» PROBLEM REQUIREMENTS
Leave the pictures out. Return the rest of the listing below exactly.

» DATA UNDER STUDY
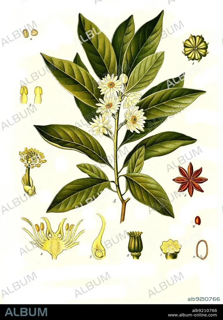 Caption: Medicinal plant, illicium anisatum (Illicium religiosum) or the shikimi fruit, Illicium anisatum and Illicium japonicum), Historical, digitally restored reproduction from a 19th century original
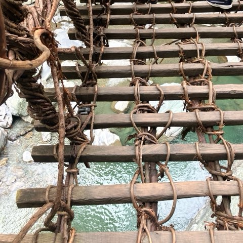 徳島にきたらここは外せない!高速のインターから1時間程度山の中に入ります。かなり怖い橋!幼児と高所恐怖症の方は無理かも。私もかなり怖くて、ゆっくりしか渡れませんでした。今まで行った橋で一番怖い。
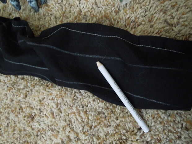 Tiempo para el lápiz blanco de la tela! Coloqué todas mis piezas en el piso para tener una idea de cómo iba a dibujar las rayas de alfiler.
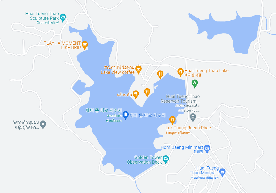 훼이통타오 호수는 몬쨈으로 가는 길에 들른 곳이다. 구글 지도에는 훼이 뜽 타오 저수지라고 나온다. 보통 몬쨈 투어에서 가장 먼저 방문하는 곳이다. 훼이통타오 호수에서 킹콩 랜드, 호수 뷰 포인트 등을 간다. 여행사 투어에서도 한 시간 정도 시간이 주어진다.
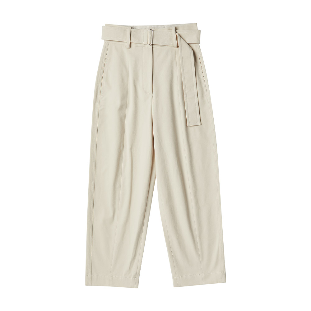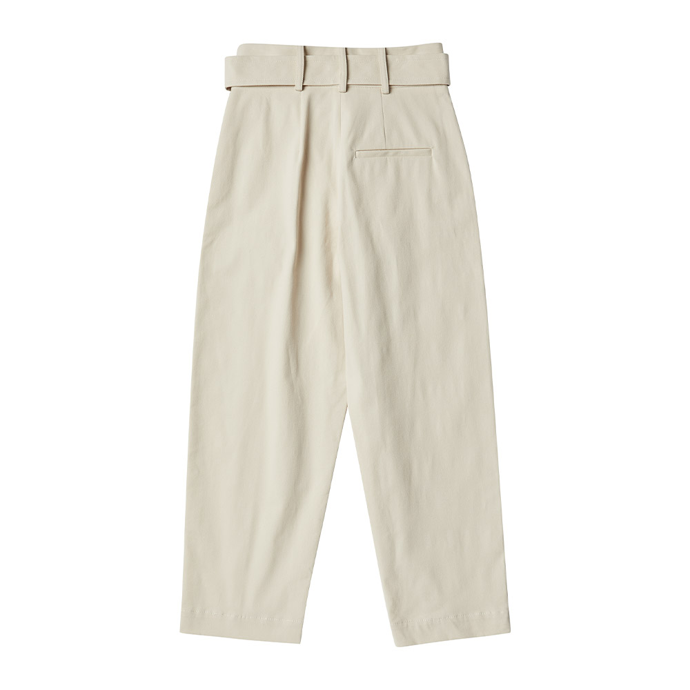 웨이스트 라인 벨트로 사이즈 조절이 용이한 원 핀턱 면 팬츠
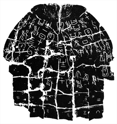 现在,有很多历史学家认为,这个关于疟疾的故事是不可信的,对于重新发现甲骨文的确切日期,他们也是争论不休。不过,王懿荣是第一个正儿八经地收集刻字龟壳的人,这点是毫无争议的。他也确实是在北京的药铺里买到那些龟壳的——那时还叫做“龙骨”。学者此时开始管它们叫“甲骨文”,意为“刻在龟壳和骨头上面的文字”。
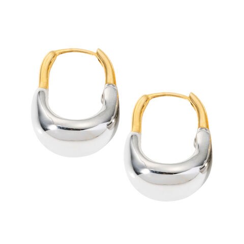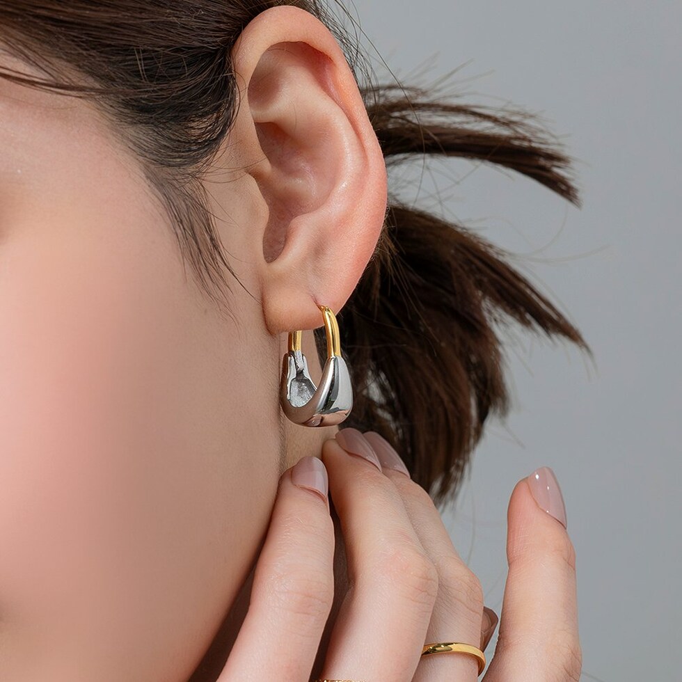 ゴールドの先にぷっくりとしたシルバーメタルが艶めくキャッチレスピアス。重厚感のあるフォルムがコーデをこなれた雰囲気に格上げします◎新鮮さをプラスするモードなデザインが目を惹くひと品。
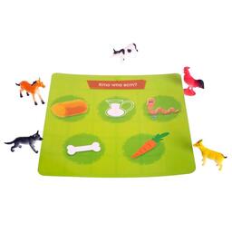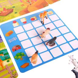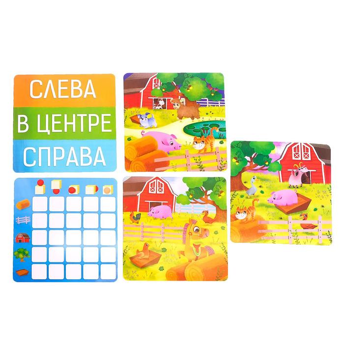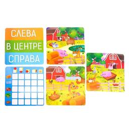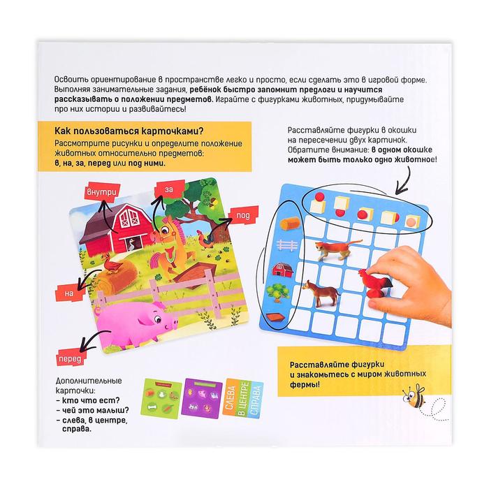 <p>Это развивающая игра для разучивания предлогов. С ней малыш научится ориентироваться в пространстве и сможет рассказать об этом.</p><p>В наборе вы найдёте игровое поле, карточки с животными и пластиковые фигурки. Показывайте малышу картинки и определяйте, где находится то или иное животное по отношению к указанным на карточке предметам — в, на, за, перед или под ними.</p><p>Например, свинюшка находится в сарае. Поставьте поросёнка на ячейку игрового поля, которая расположена на пересечении ячейки с домиком и ячейки, обозначающей предлог «внутри», — шар внутри кубика.</p><p>Расставляя животных таким образом, мы развиваем пространственное мышление малыша и учим его рассказывать о положении вещей в пространстве. А ещё из игры кроха узнает, чем питаются фермерские зверята и чьи они детёныши.</p><p><b>Играйте с животными, придумывайте про них истории и развивайтесь!</b></p>

» ANSWER TO THIS TASK
 Caption: Medicinal plant, illicium anisatum (Illicium religiosum) or the shikimi fruit, Illicium anisatum and Illicium japonicum), Historical, digitally restored reproduction from a 19th century original
 徳島にきたらここは外せない!高速のインターから1時間程度山の中に入ります。かなり怖い橋!幼児と高所恐怖症の方は無理かも。私もかなり怖くて、ゆっくりしか渡れませんでした。今まで行った橋で一番怖い。
 Tiempo para el lápiz blanco de la tela! Coloqué todas mis piezas en el piso para tener una idea de cómo iba a dibujar las rayas de alfiler.
 훼이통타오 호수는 몬쨈으로 가는 길에 들른 곳이다. 구글 지도에는 훼이 뜽 타오 저수지라고 나온다. 보통 몬쨈 투어에서 가장 먼저 방문하는 곳이다. 훼이통타오 호수에서 킹콩 랜드, 호수 뷰 포인트 등을 간다. 여행사 투어에서도 한 시간 정도 시간이 주어진다.
 웨이스트 라인 벨트로 사이즈 조절이 용이한 원 핀턱 면 팬츠
 现在,有很多历史学家认为,这个关于疟疾的故事是不可信的,对于重新发现甲骨文的确切日期,他们也是争论不休。不过,王懿荣是第一个正儿八经地收集刻字龟壳的人,这点是毫无争议的。他也确实是在北京的药铺里买到那些龟壳的——那时还叫做“龙骨”。学者此时开始管它们叫“甲骨文”,意为“刻在龟壳和骨头上面的文字”。
 ゴールドの先にぷっくりとしたシルバーメタルが艶めくキャッチレスピアス。重厚感のあるフォルムがコーデをこなれた雰囲気に格上げします◎新鮮さをプラスするモードなデザインが目を惹くひと品。
 <p>Это развивающая игра для разучивания предлогов. С ней малыш научится ориентироваться в пространстве и сможет рассказать об этом.</p><p>В наборе вы найдёте игровое поле, карточки с животными и пластиковые фигурки. Показывайте малышу картинки и определяйте, где находится то или иное животное по отношению к указанным на карточке предметам — в, на, за, перед или под ними.</p><p>Например, свинюшка находится в сарае. Поставьте поросёнка на ячейку игрового поля, которая расположена на пересечении ячейки с домиком и ячейки, обозначающей предлог «внутри», — шар внутри кубика.</p><p>Расставляя животных таким образом, мы развиваем пространственное мышление малыша и учим его рассказывать о положении вещей в пространстве. А ещё из игры кроха узнает, чем питаются фермерские зверята и чьи они детёныши.</p><p><b>Играйте с животными, придумывайте про них истории и развивайтесь!</b></p>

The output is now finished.